"Две жизни" - читать интересную книгу автора (Воронин Сергей Алексеевич)

Тетрадь восемнадцатая

— Обиделся? А ты не обижайся, поня́л? Пой и радуйся, что мы тебя слушаем, поня́л? — И еще раз дернул за ухо.

Ложкин морщится.

— Резанчик, оставь его, больно ведь, — говорю я.

— А нам, Алексей Павлыч, от его песен еще больней. Поня́л? Все сердце перевернул, так я ему чуток своей боли отдаю. Понял?

(Между прочим, странно, как мог не заметить этой прибавки «поня́л?», с ударением на «я», Зацепчик, когда говорил вчера про Резанчика.)

А Ложкин снова поет. Наступает вечер. В сумерках отчетливо видны заснеженные хребты сопок. Они чистые, строгие. Песенная грусть Ложкина сливается с их чистотой, и на сердце становится так хорошо, что хочется сделать что-то доброе для этих незадачливых людей. Но опять раздаются смех, грубые голоса.

1 октября

Первый утренник. Всё в инее. Тайга стала серебряной. Под ногами хрустит замерзший лист. У берегов Элгуни тонкий узорчатый ледок. От воды поднимается пар. Морозный воздух бодрит. Лес попадается нам на пути то густой, то редкий. Иногда мы продвигаемся медленно, иногда рубщики бегут сломя голову по редколесью, — они работают сдельно. Но сегодня мы врезались в марь. Шли, утопая по колено в болотной ржавой жиже. Чем дальше продвигались, тем задумчивее становился Мозгалевский.

— Ну-ка, Алексей Павлович, промерьте длину этого озерка, — сказал он, когда я подошел к нему.

Озерко маленькое, метра два в поперечнике, вокруг него трясина. Я опустил в озерко ленту.

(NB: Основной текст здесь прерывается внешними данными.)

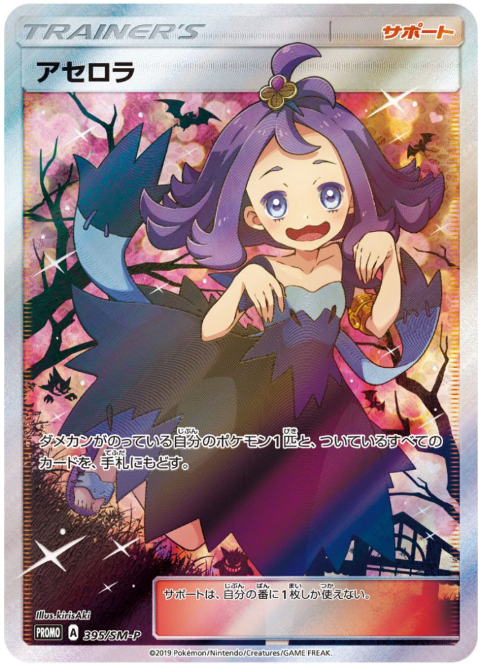 アセロラもリーリエと同様に人気の高い女の子キャラクターです。このカード自体のイラストの評価も高いことから、PSA10は110万円前後で取引されています。PSA10の枚数は500枚ほどしかなく、最盛期には300万円前後で取引が行われていたことから投資妙味は高いと言えます。

Вся двадцатиметровая полоска ушла и дна не достала.

— Видали, фокусы какие... Придется прижиматься еще к берегу.

Мы пошли обратно, и то, что было сделано сегодня и вчера, — опять бросовый ход.

Вечером, после ужина, произошел довольно неприятный разговор между Мозгалевским и Зацепчиком. Дело в том, что еще в начале работ Зацепчику было поручено сделать план в горизонталях перехода реки Меун. Он сделал, но то ли поленился, то ли не сумел, но и сама река и переход оказались совсем не такими, как в натуре. Мозгалевскому это было установить очень легко. Он прекрасно помнил конфигурацию русла в том месте.

— Придется ехать и доснять, — сказал Мозгалевский.

— Я не поеду, — угрюмо ответил Зацепчик.

— Это как же — не поедете?

— Да так...

— Но вы должны подчиняться мне или не должны?

— Я больше не желаю работать.

— То есть как не желаете?

— А так, не желаю, и все.

— Да вы с ума сошли?

— Это еще неизвестно.

— Но как же вы можете отказываться от выполнения моих распоряжений?

— А если у меня больные ноги? Да, больные ноги. Я еле хожу. А вам все равно. Вам наплевать на здоровье, на жизнь сотрудника. Вам важно выполнение ваших распоряжений. Вы черствый человек.

— Да замолчите вы! Как нам не стыдно пороть ересь? Что у вас с ногами? Покажите.

— Вы не врач.

— Но если ноги больные, так это видно — или как?

— Или как?

— Что «или как»?

— Ничего.

— Ничего не понимаю!

— Пошлите Покотилова. Пусть Покотилов едет.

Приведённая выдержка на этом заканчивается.